▼

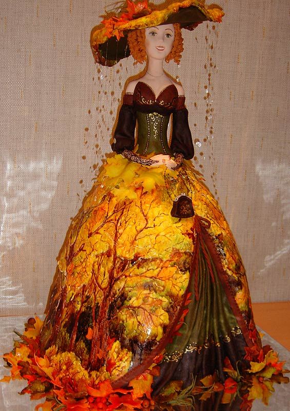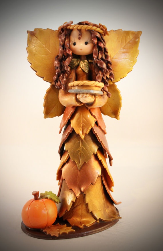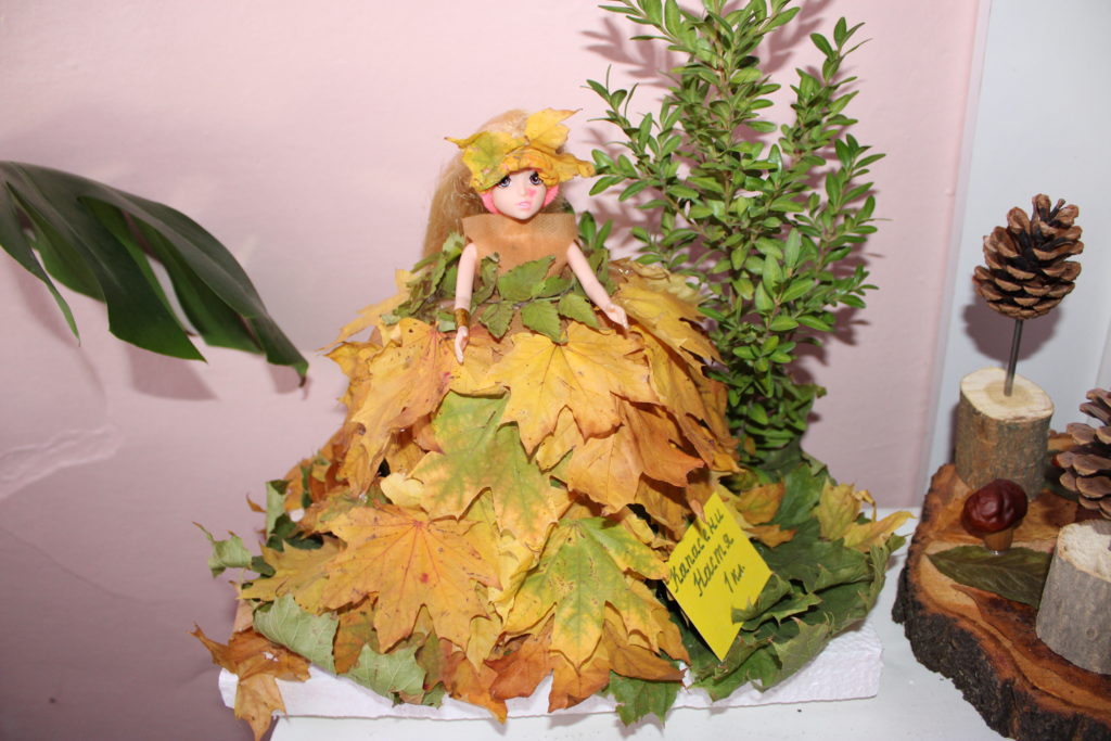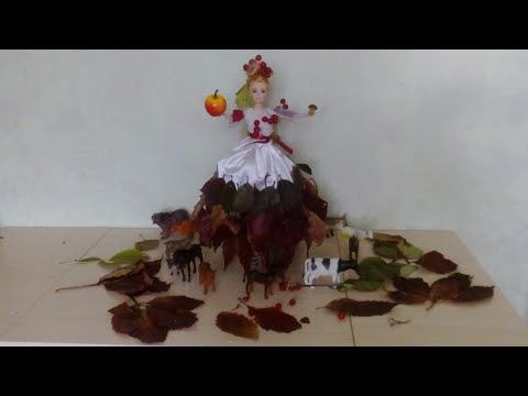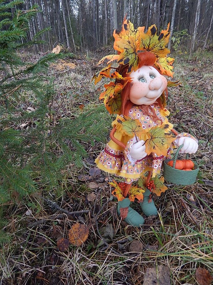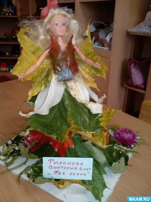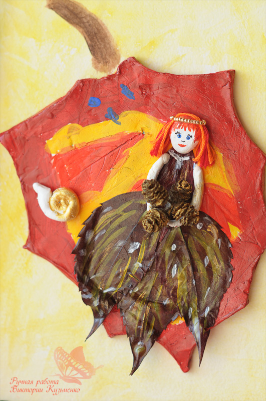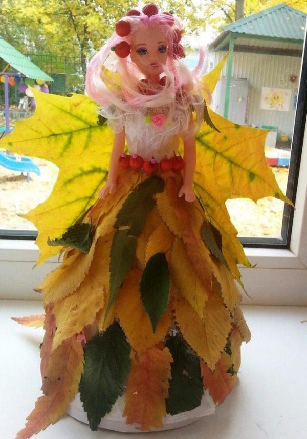 - Обратите внимание на юбочку из листьев Гинкго Билоба и букет из люфы в руках милой феечки!
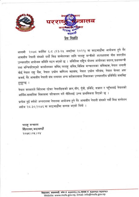 परराष्ट्रद्वारा एनआरएनएको १०औँ विश्व सम्मेलनका लागि आयोजक समिति गठन
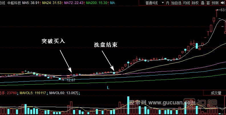 中船股份(600072)該股是黑馬股之一。在5.30暴跌過后,其均線系統(tǒng)形成了一個粘合在一起,然后發(fā)散向上的多頭排列。均線的推動變成了強烈的買入信號。股價在5日線和72日線附近橫盤在一起向上,回抽生命線之后就啟動了,這個時候就是賺錢機會,大膽買入就可以獲得利潤。股價從18元附近快速拉到28元,開始構(gòu)筑一個平臺,經(jīng)過一段時間的橫盤再次發(fā)力向上,突破30元平臺,之后連續(xù)狂飆,迅速翻倍到達63.97元。從12.87元上漲到63.97元只用了不到三個月的時間,這種快速漲4倍的股票并不多。我們要研究那些多數(shù)人沒有看到,但是主力又非常有資金實力又有魄力的,這樣的股票通常會成為超級黑馬股。牛市的大盤狀態(tài)是主力炮制翻倍黑馬的重要環(huán)境。一般股票上漲太快,很多人不敢買入。當人們認為一定會到100元以上的時候,該股卻出現(xiàn)瘋狂地出貨。該買的時候害怕再跌就錯過了買入機會,上漲的時候就盲目信心膨脹,因為貪婪又錯過了賣出的機會。
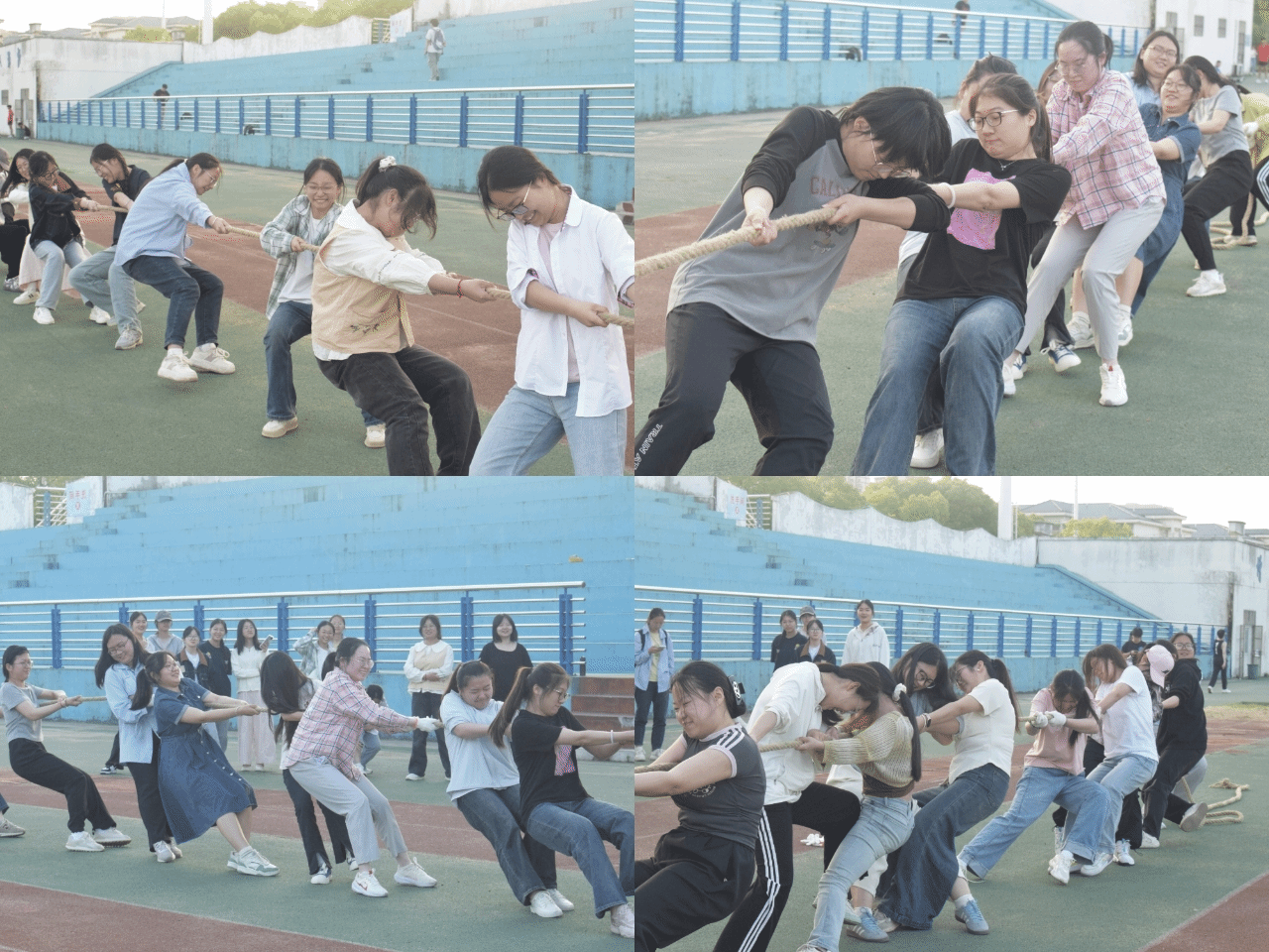 在花津校区南侧操场举办“铿锵玫瑰”拔河比赛。
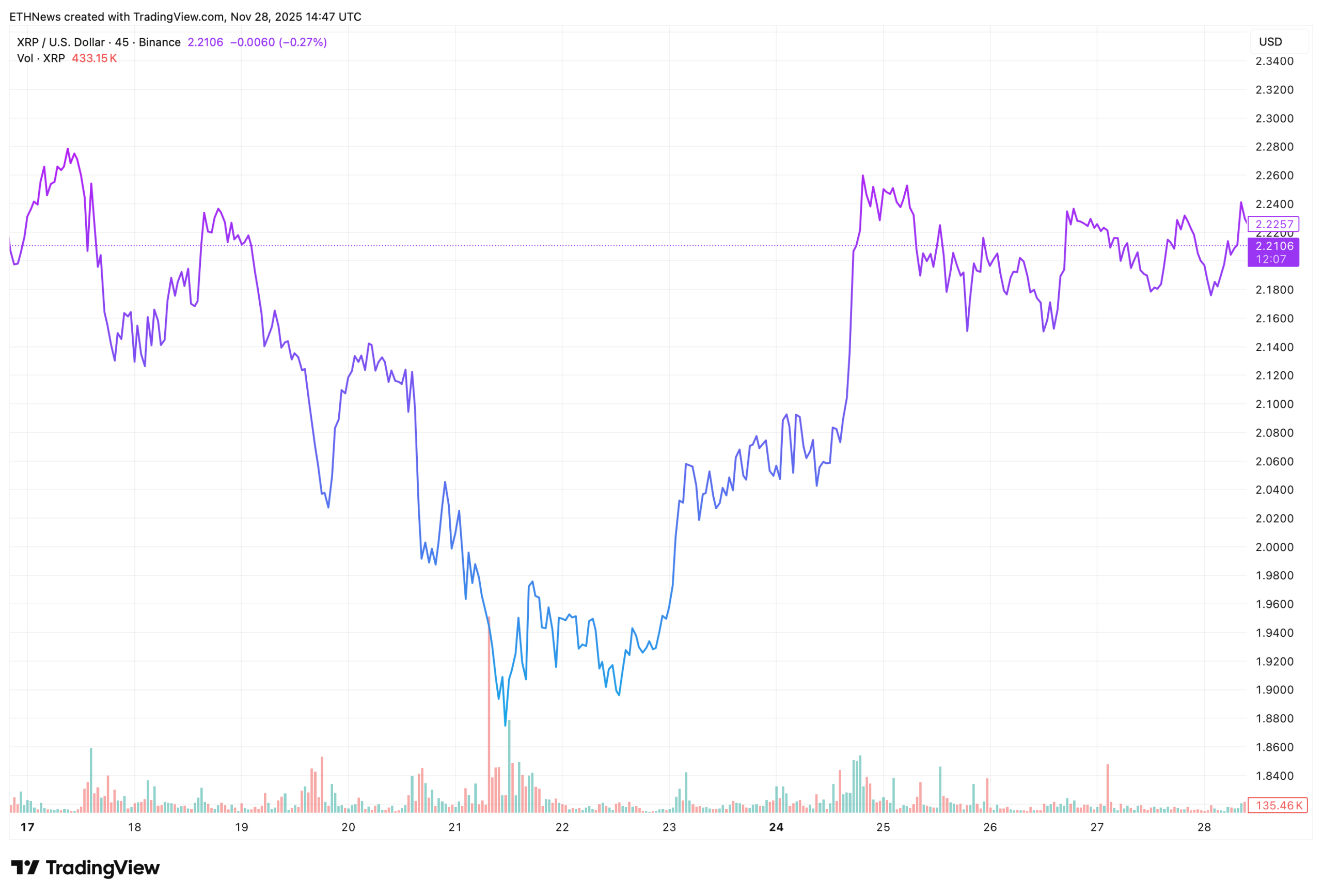 提供的TradingView图表记录了XRP过去十天的剧烈波动。市场在11月17日至21日期间大幅下挫,跌破2.00美元关口并下探1.94美元附近。这波走势符合多周调整阶段末期常见的恐慌性插针特征。
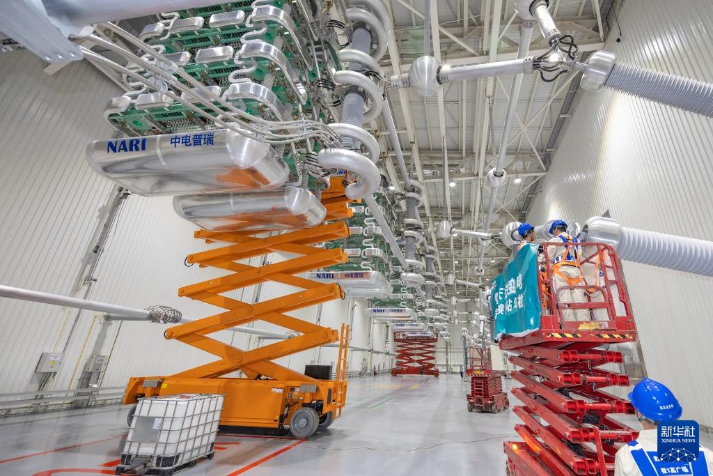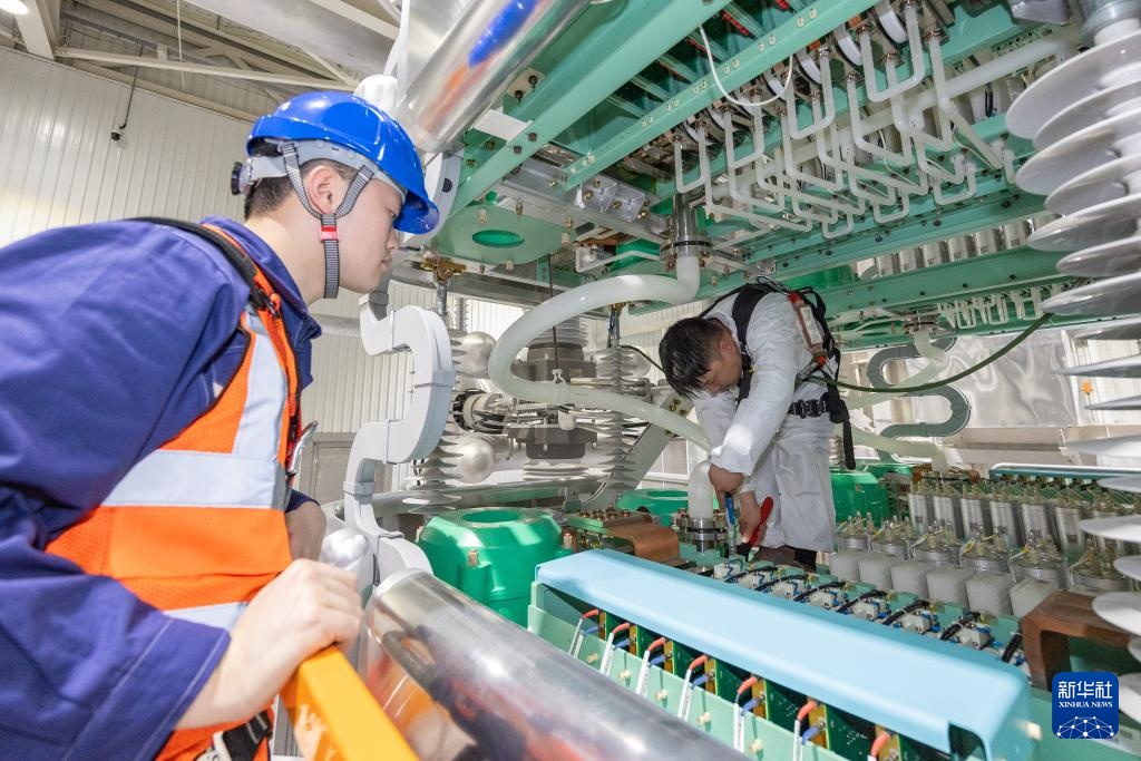 4月15日,检修人员在“疆电入渝”工程渝北换流站换流阀区域检修。
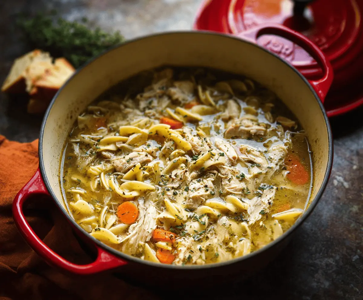 This Dutch Oven Chicken Noodle Soup is warm, cozy, and perfect for chilly days. With tender chicken, fresh veggies, and hearty noodles, it’s like a hug in a bowl!
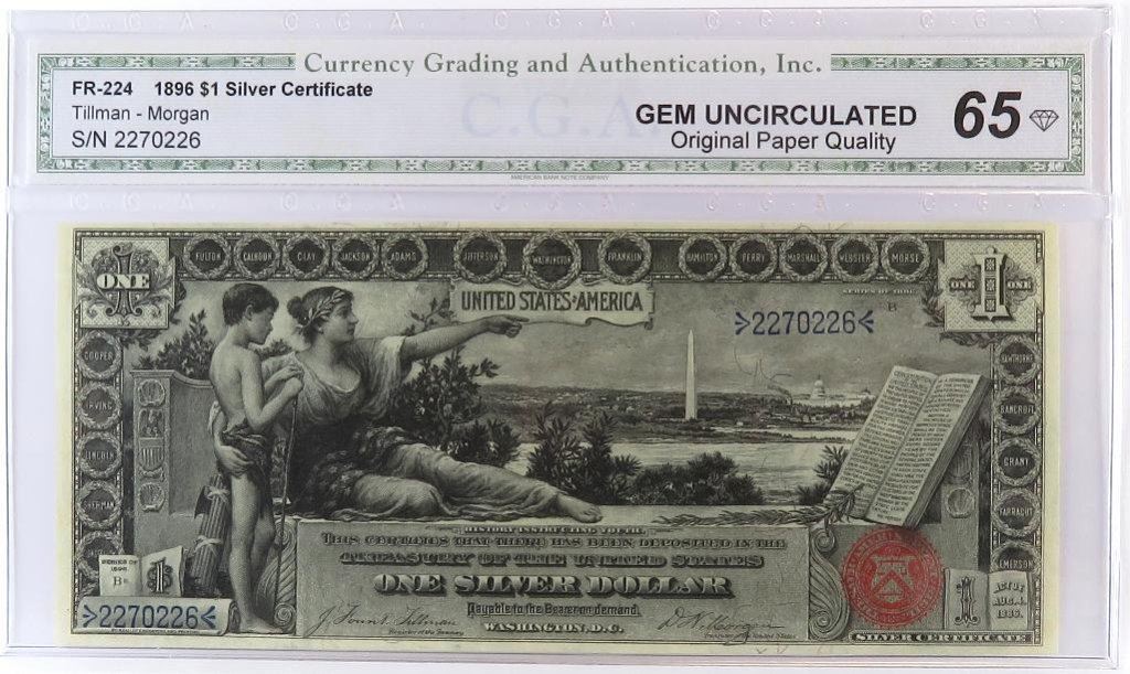 1896 $1 Silver Certificate (Educational) Note. FR# 224. CGA Certified GU65.
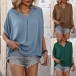 Casual Solid Color V-neck Batwing Sleeve Shirt
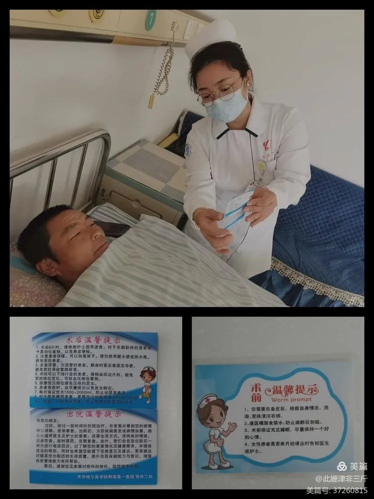 一台成功的手术,更需要术前、术后以及出院后的细心照顾。对于年龄大的陪护,记不住一些注意事项,我们把相关注意事项制成卡片,患者和陪护随时都可以看看要注意哪些。
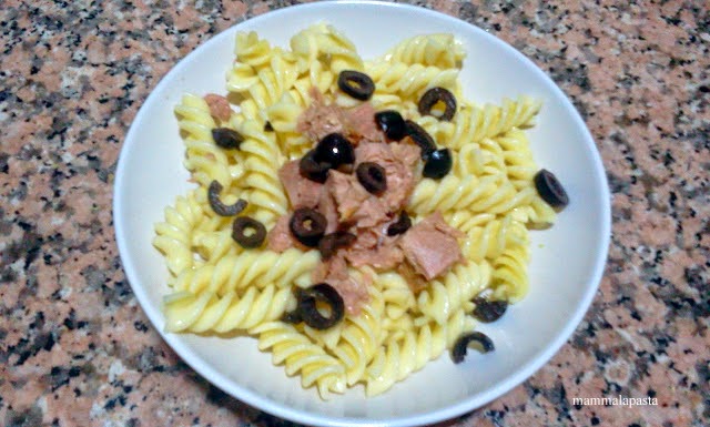 Peste ele, adaugati tonul din conserva maruntit bine si maslinele negre taiate felii subtiri, amestecand din nou, evident cu atentie, ca sa nu rupem pastele:
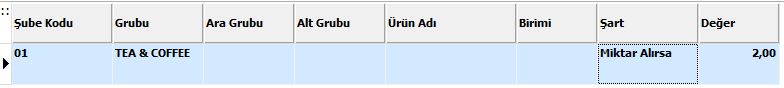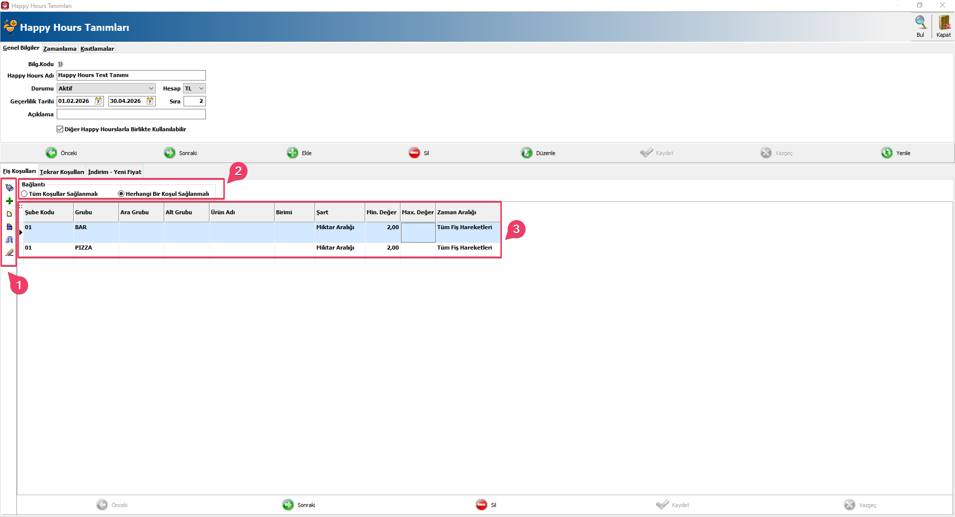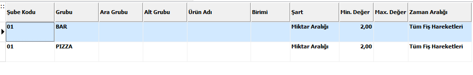 Bu sekmede Happy Hours tanımının sağlayacağı koşulu belirleyebilirsiniz. Örneğin, aşağıdaki görselde BAR ve PIZZA grubundaki ürünlerden minimum 2 adet sipariş edilmesi koşul olarak belirtiliyor.
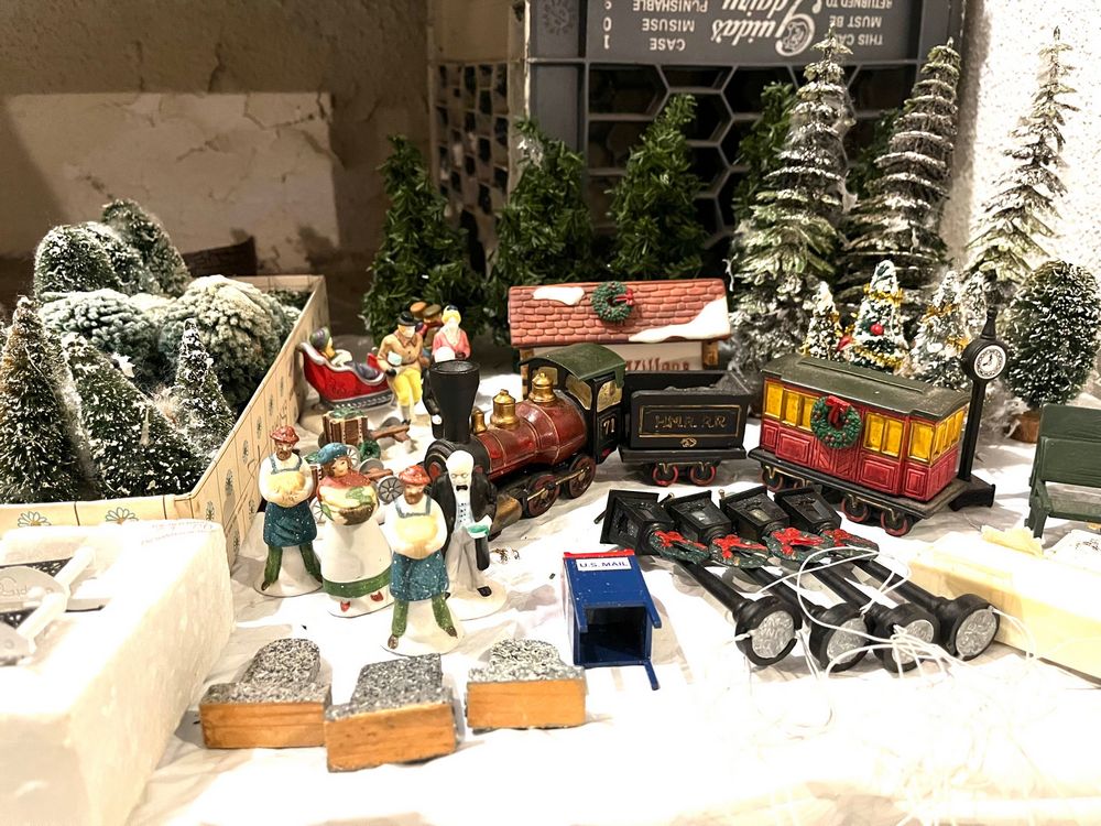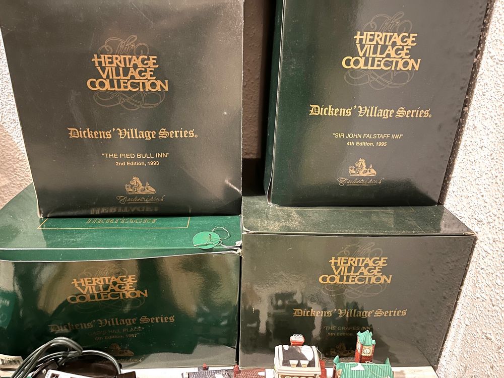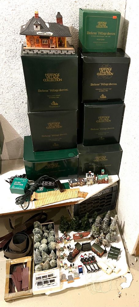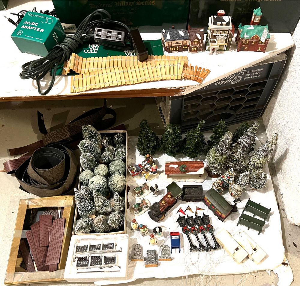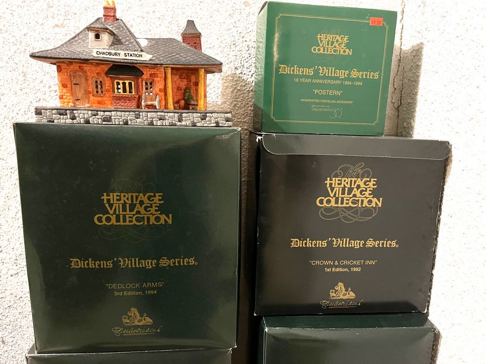 Dept 56 Dickens Village. Seven Dept 56 Dickens Village buildings, in boxes (see photos for models), & Chadbury Station (no box); also, three ornaments & assort accessories. See photos for details. Located in the basement.

▲

WHAT NEEDS TO BE DONE
Reproduce the data above line for line, from its first line through the line containing "परराष्ट्रद्वारा एनआरएनएको १०औँ", both ends included, with the pictures omitted and nothing more.

OUTPUT OF THE EXERCISE
 - Обратите внимание на юбочку из листьев Гинкго Билоба и букет из люфы в руках милой феечки!
 परराष्ट्रद्वारा एनआरएनएको १०औँ विश्व सम्मेलनका लागि आयोजक समिति गठन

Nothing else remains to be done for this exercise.